Español Yet another report has named Caracas, Venezuela the world’s most dangerous city.

The Mexican NGO Citizen’s Council for Public Security and Criminal Justice recently released a list of 50 cities from across the world that are the most dangerous, and Caracas topped the list, with 42 others appearing on the list beside two from the United States and two from Africa. 

The list did not feature a single city from Europe, as the number of homicides does not compare with that of cities in Latin America.

The CCSPJP’s investigation revealed that since 2015, Caracas has been the most dangerous, with 120 deaths per every 100,000 residents. Second on the list is San Pedro de Sula, Honduras. Following these were San Salvador, Acapulco, Maturín (Venezuela), Distrito Central, Honduras, Valencia and Palmira, Colombia.


Brazil had the most “violent cities” on the list, with 21. Venezuela has eight, though they weren’t just considered “violent,” but also “dangerous.”

In the United States, St. Louis was name the most violent in the country, following by Baltimore and New Orleans.

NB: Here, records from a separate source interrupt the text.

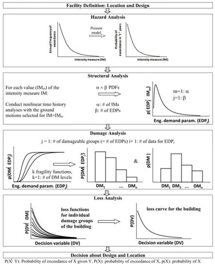 The traditional philosophy of seismic design of structures is bounded by two primary variables: earthquake intensity and corresponding damage for structural and non-structural elements. The acceptance criteria are: preventing any damage in low-intensity earthquakes; accepting only repairable damage in medium-intensity earthquakes; and preventing collapse in high-intensity earthquakes. The structural engineering community recognized many deficits in this methodology after the 1994 Northridge and 1995 Kobe earthquakes. Although structures were designed according to seismic codes inherited from this philosophy, the reported total damage and economic losses were extremely high []. The deterministic methodology describes the structural design only in binary terms, as either safe or unsafe. Additionally, it depends only on meaningful parameters for engineers, not other stakeholders. These facts initiated the concept of performance-based earthquake engineering (PBEE).
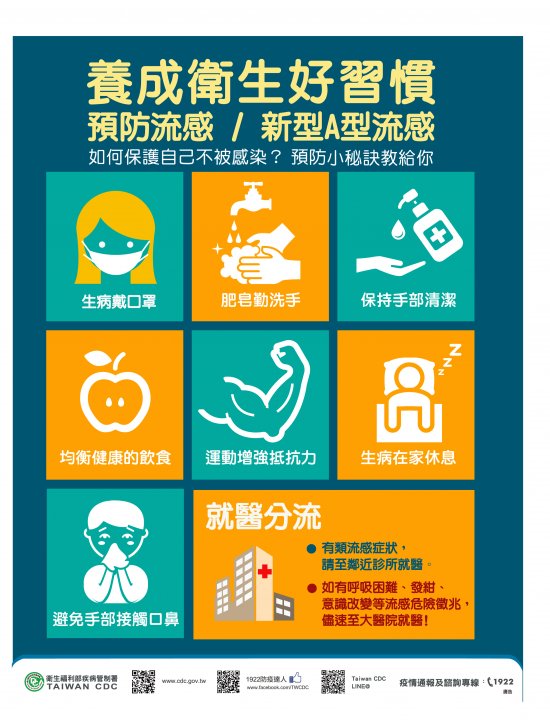 4、多加利用衛生福利部疾病管制署流感專區(網址為 http://www.cdc.gov.tw )之相關衛教宣導資料,透過相關集會場合、家庭訪視、家庭聯絡簿、宣導單張、佈告欄及跑馬燈等方式,將流感防治正確知識傳達學生及其家人,強化師生及家長對流感防治之了解與重視。
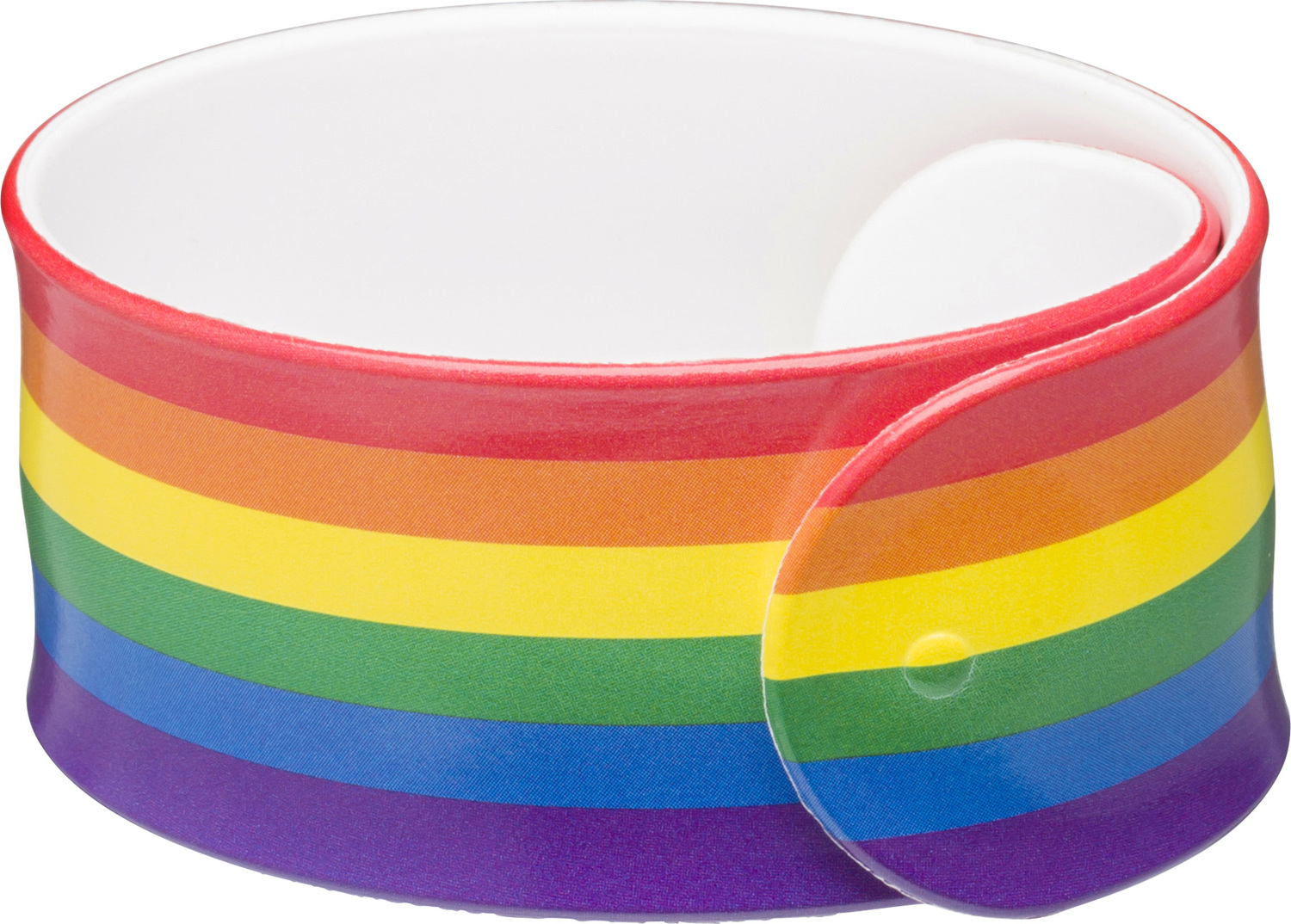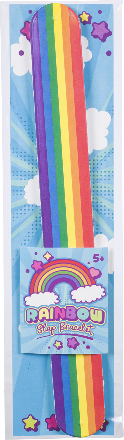 This rainbow-colored bracelet from Toysmith is a sassy, fun fashion accessory and nostalgic item. Fun for kids and adults alike, the Rainbow Slap Bracelet measures 8.5 inches long and is made of smooth, soft plastic. Each shiny bracelet includes long vertical stripes of red, orange, yellow, green, blue, and purple. One bracelet is neatly packaged in a clear plastic packet with a blue sky with white cloud illustrated card backing. Fits most wrist sizes. An assortment of 24 come with a 7.5-inch x 10.5-inch display case.
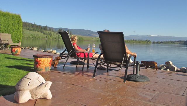 I did not know that Colin had taken this shot of us relaxing a few days ago. I was just going thru the camera right now to see what I had for you all. Looks just the same right now except Colin is working. However, I do have the glass of vino at my side.
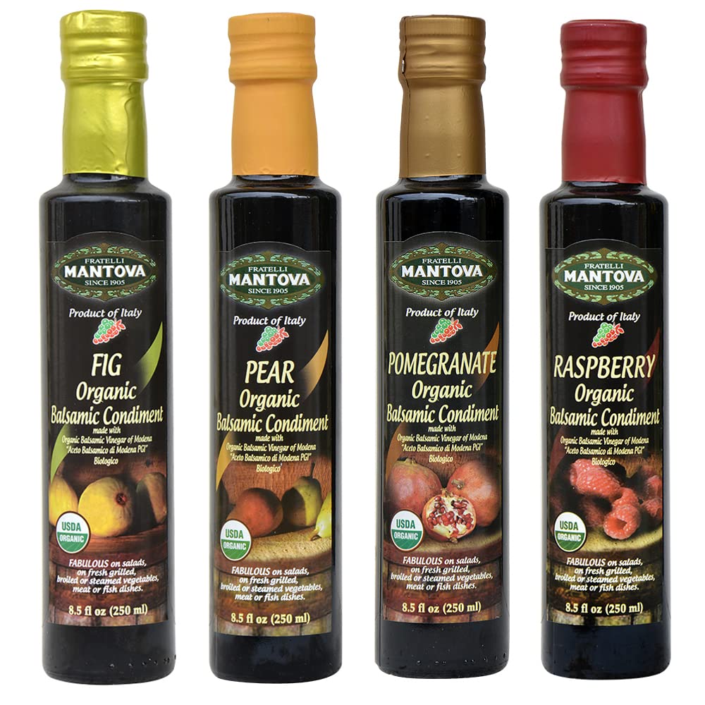 Mantova Organic Flavored Balsamic Vinegar Of Modena 4-Variety Pack: Fig, Pear, Pomegranate, & Raspberry; Perfect For Gift Basket, Add To Pasta, Salad, Ice Cream And Cocktails, 8.5 Oz Per Bottle
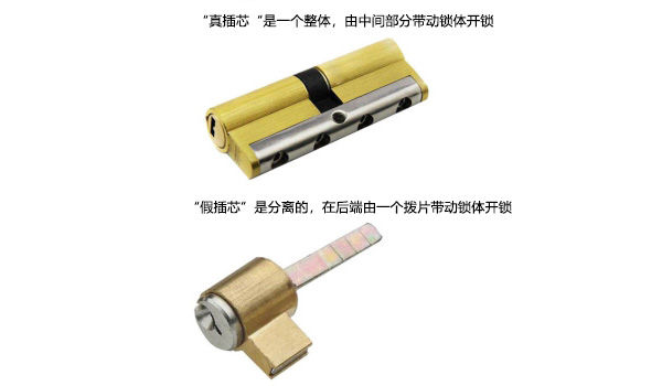 “真插芯”的锁芯是穿过锁体的,两者是一个整体;而“假插芯”的锁芯是在锁体外边的,两者是分离的。
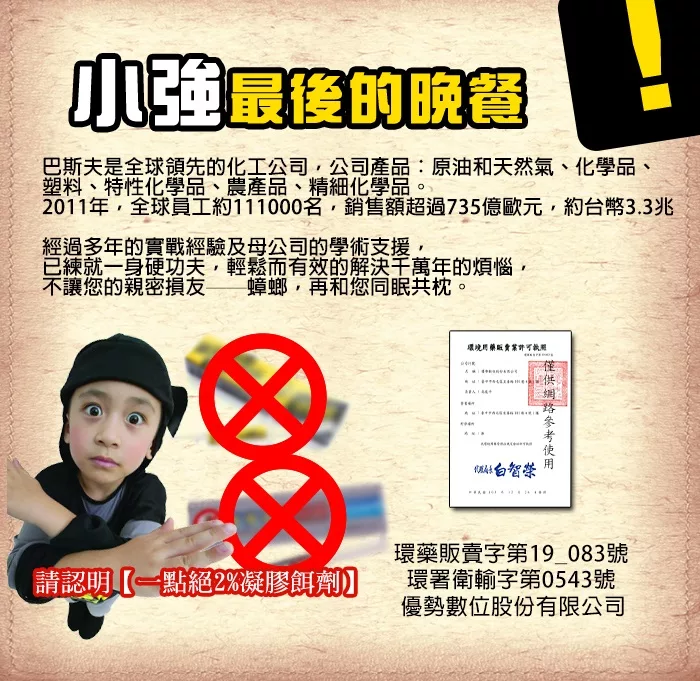 (二)合法環境用藥應有環境用藥許可證字號,可至環保署化學局「環境用藥許可證及病媒防治業網路查詢系統」。

Additionally, the study showed that in 2015, homicides increased at an alarming rate in Milwaukee and Washington.

Europe did not appear in these classifications due to the low number of homicides. Instead, the region was evaluated by level of security. The city of Rostov,  Russia topped the list as the most dangerous followed by Italia, Bari, Turin and Naples. After these were Masella and Lille in France and Conventry in Great Britain.

More than 50 percent of the world population lives in these 50 cities, the report said. One hundred and sixteen years ago only 10 percent of the total population lives in urban areas. The migration from rural to urban centers has increased each year, and is expected to reach 55 percent by 2050, according to the London School of Economics.